A New York City Commercial Division judge refused to dismiss a host of claims, including unfair competition, alleged by a potential property buyer against a broker. The court held that the broker’s “longstanding business and personal relationship with FCC’s [buyer] principals, during which FCC provided use of its office space, internet, phones, real estate software to Mr. Schwartz [broker] in exchange for his consultation and brokering of various deals which extended up until 2021. Under these facts, it is clear that a special, continuous fiduciary relationship existed between Mr. Schwartz and FFC at the time the information including the price they were negotiating a contract for about the Property was conveyed to him. Instead of keeping this critically sensitive proprietary information private, Mr. Schwartz breached his fiduciary duty to FFC by giving this information to a competitor and encouraging them to purchase the Property for a few hundred thousand dollars more so that he would get paid a substantial commission.”

This case is a bit unusual in that fiduciary relationships are typically found in a special relationship based at least in part on one party’s superior knowledge and the other party’s reliance. Fiduciary duties are not found in run-of-the-mill relationships, including those concerning brokers (not always as we see here). Based on how this decision was written makes clear that the judge was offended by the broker’s conduct.

Four Five Capital LLC v. Schwartz

Private lender, in a series of loans, loaned an entity-borrower more than $6 million. The entity was comprised of a father, Michael Miller, and his son, Brandon Miller. While Michael borrowed the money, Michael had his secretary forge Brandon’s signature, which she then notarized. Michael died before the loans were repaid. Upon default, the lender sued the entity and Brandon.

Brandon argued, among other things, that he never signed the loan documents and his signatures were forged. Michael, claimed Brandon, was the responsible party. The court rejected that argument and held that the lender “had no obligation to perform due diligence so as to protect Brandon from the possibility that his father, Michael, and his assistant, Ms. Frangipane, were forging his name to certain loan documents and notarizing his signature and could rely on the facially valid documents, which were notarized and confirmed as validly executed by opinions of Defendants’ counsel.”

While the decision is intuitively logical, imagine the impact on business transactions had the court agreed with Brandon and required a lender to undertake due diligence for a notarized signature. The impact would be severe—every transaction would require insurance. Part of a court’s job is to create consistent and reliable outcomes among a discrete set of recurring circumstances so that businesses can rely on traditional practices.

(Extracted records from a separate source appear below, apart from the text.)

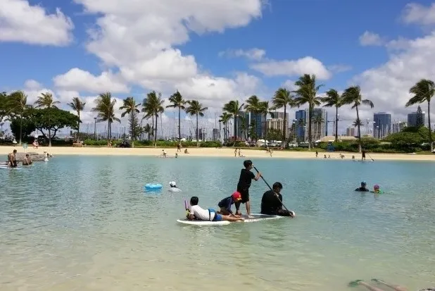 Lagoon in front of Rainbow tower, best for kids!
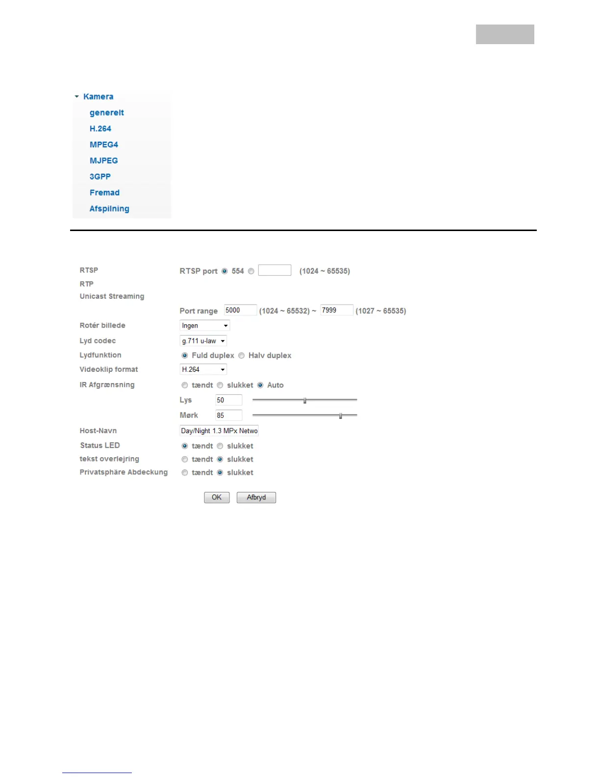 RTSP-port: Standard-porten for RTSP-overførslen er 554. Alternativt kan denne port få en værdi i
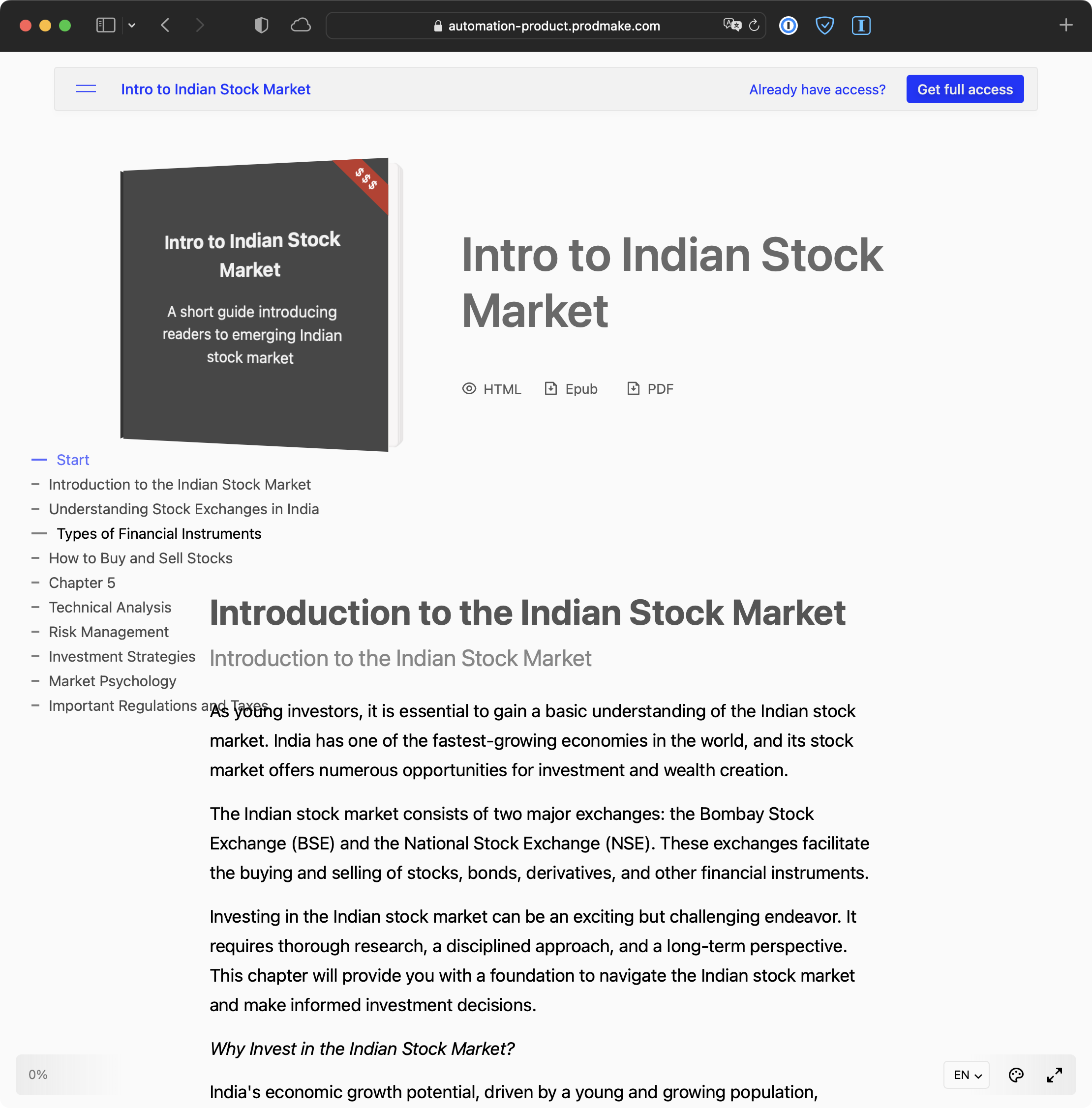 A short guide introducing readers to emerging Indian stock market titled “Intro to Indian Stock Market” for young investors with page count of 20.
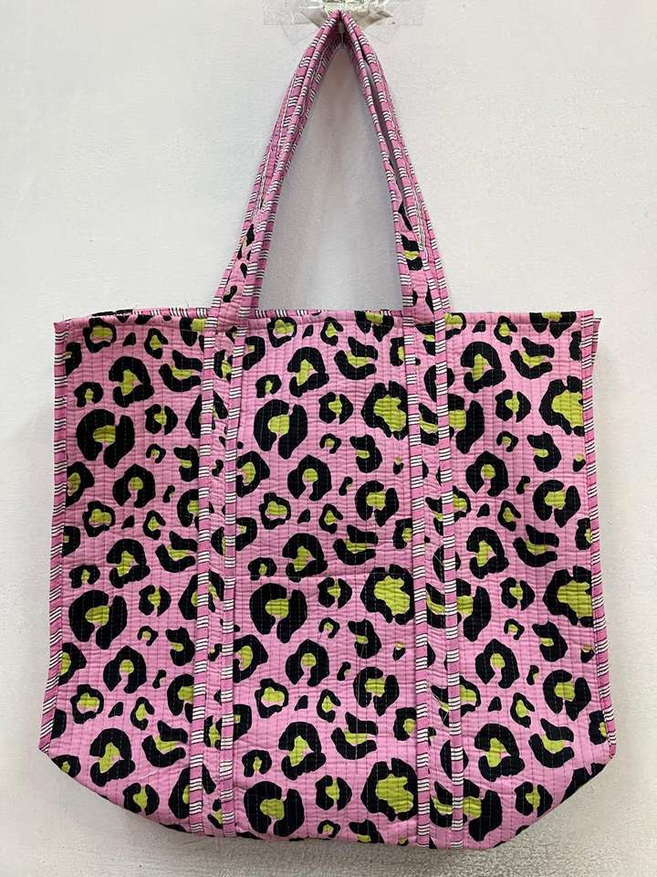 Lady Handmade Cotton Shopping Tote Bag with Zipper Closure Block Printed Indian Design for Women
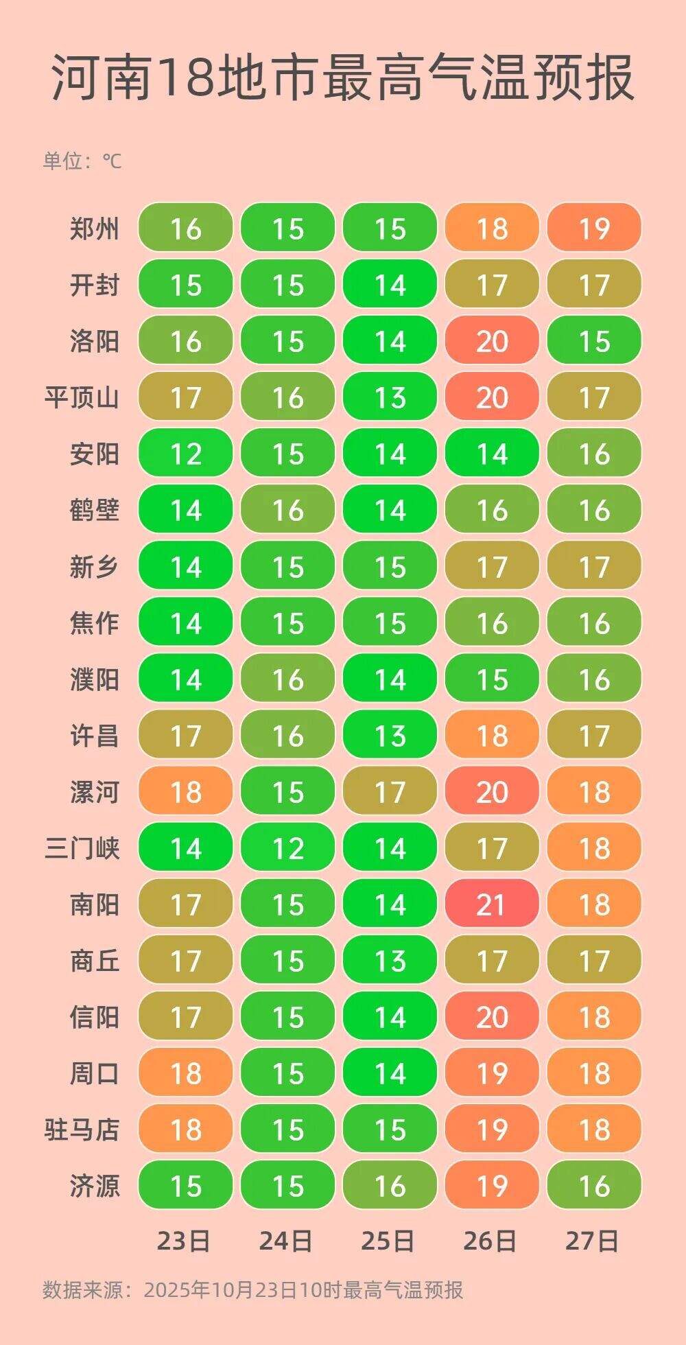气温:10℃~15℃
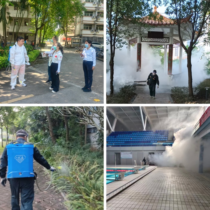 在协同机制方面,学校强化校地联动,与惠城区、河南岸街道建立紧密的联防联控机制。地方部门累计调派专业设备70余台次,支援人力400余人次,协同开展大规模环境清洁与集中消杀,形成了齐抓共管的工作合力。此外,学校统一配发蚊香、垃圾袋、手套、口罩、垃圾夹等必备物资,做到储备充足、发放及时,为爱国卫生运动深入开展提供了坚实保障。
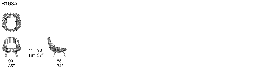 Cuscino di seduta: removibile, telaio interno completo di cinghie elastiche, imbottitura in fibra di poliestere riciclata e biodegradabile, inserto in poliuretano indeformabile, fodera fissa in poliestere idrorepellente.
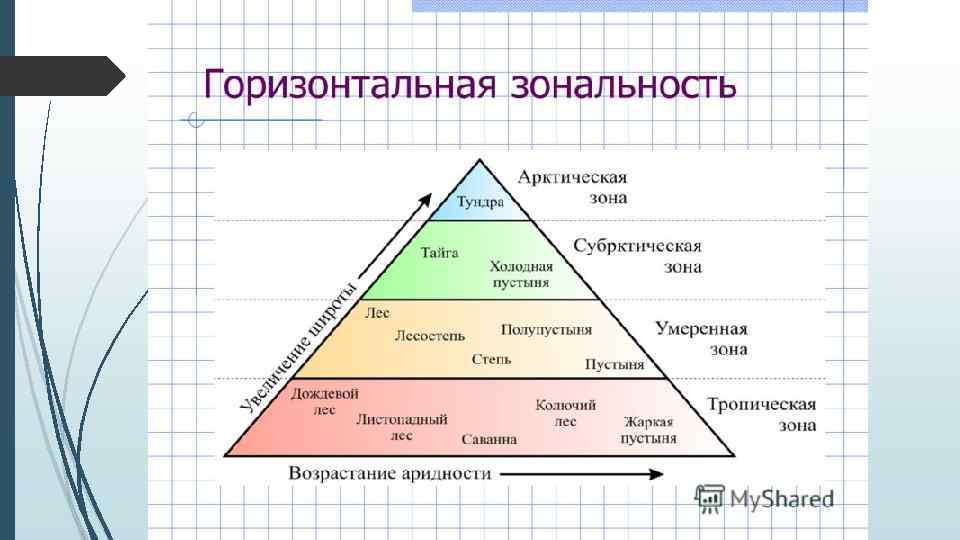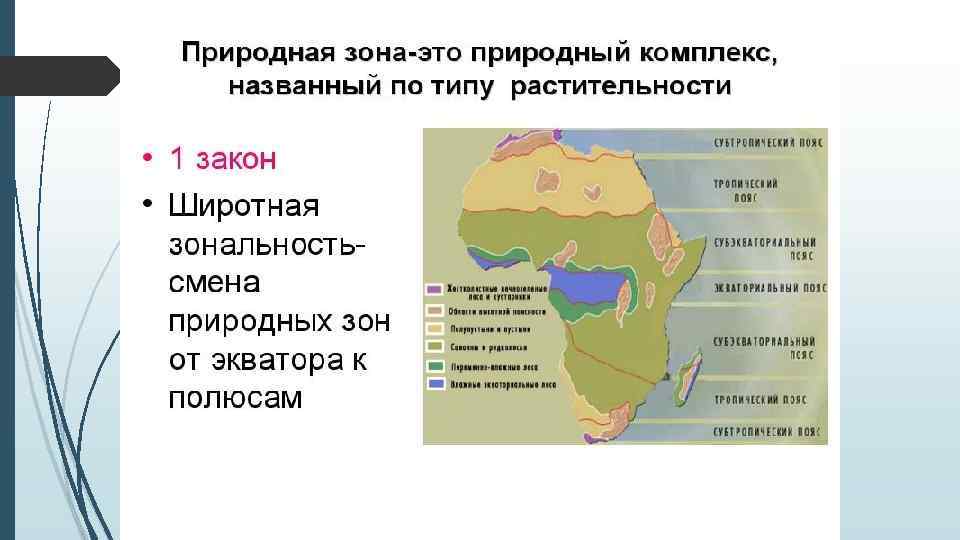 Природные зоны – основные, качественно различные подразделения географической оболочки, закономерно сменяющие друга в определенном порядке внутри географических поясов, главным образом, в зависимости, от количества тепла и влаги. Как правило, зоны занимают значительные площади и обладают вытянутыми очертаниями. В биологии их можно называть биоценозами, учитывая совокупность всех живых компонентов
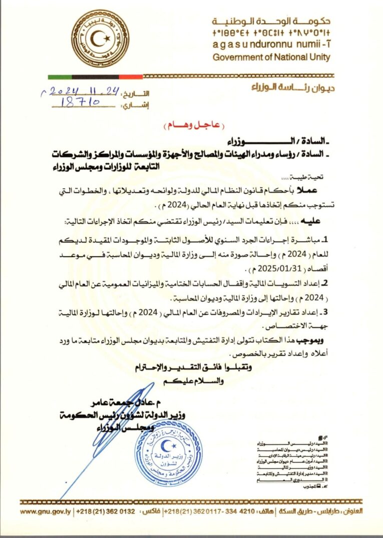 أصدر رئيس حكومة الوحدة الوطنية عبد الحميد الدبيبة، قرارا يلزم الجهات الحكومية بمباشرة الجرد السنوي، والتسويات المالية واقفال الحسابات والميزانية، وإعداد التقارير المالية السنوية لعام 2024 وتقديمها قبل نهاية العام.

Plaintiff, who lives in China, went into contract to purchase a new condominium and associated parking space in New York. The contract contained no financing contingency. Plaintiff made the required deposit but did not provide funds to close. After the contract was signed, China implemented restrictions on money flows out of China for real estate purchases abroad. Unable to locate alternative funding, plaintiff could not fund the closing. Plaintiff canceled the contract and demanded a return of the $162,000 downpayment, suing when the funds were not returned. In response, defendant moved to dismiss for failure to state a cause of action.

Plaintiff argued that its inability to close due to China’s laws made performance under the contract impossible. Defendant denied that and claimed that the terms of the contract permitted it to keep the downpayment. The court agreed with defendant, finding that plaintiff’s inability to close was not excused as impossible. Impossibility only applied where the subject matter of the contract was destroyed or performance became objectively impossible. More, under the terms of the contract, plaintiff waived any financing contingencies, without exception. Under the terms of the contract, therefore, the downpayment need not be returned.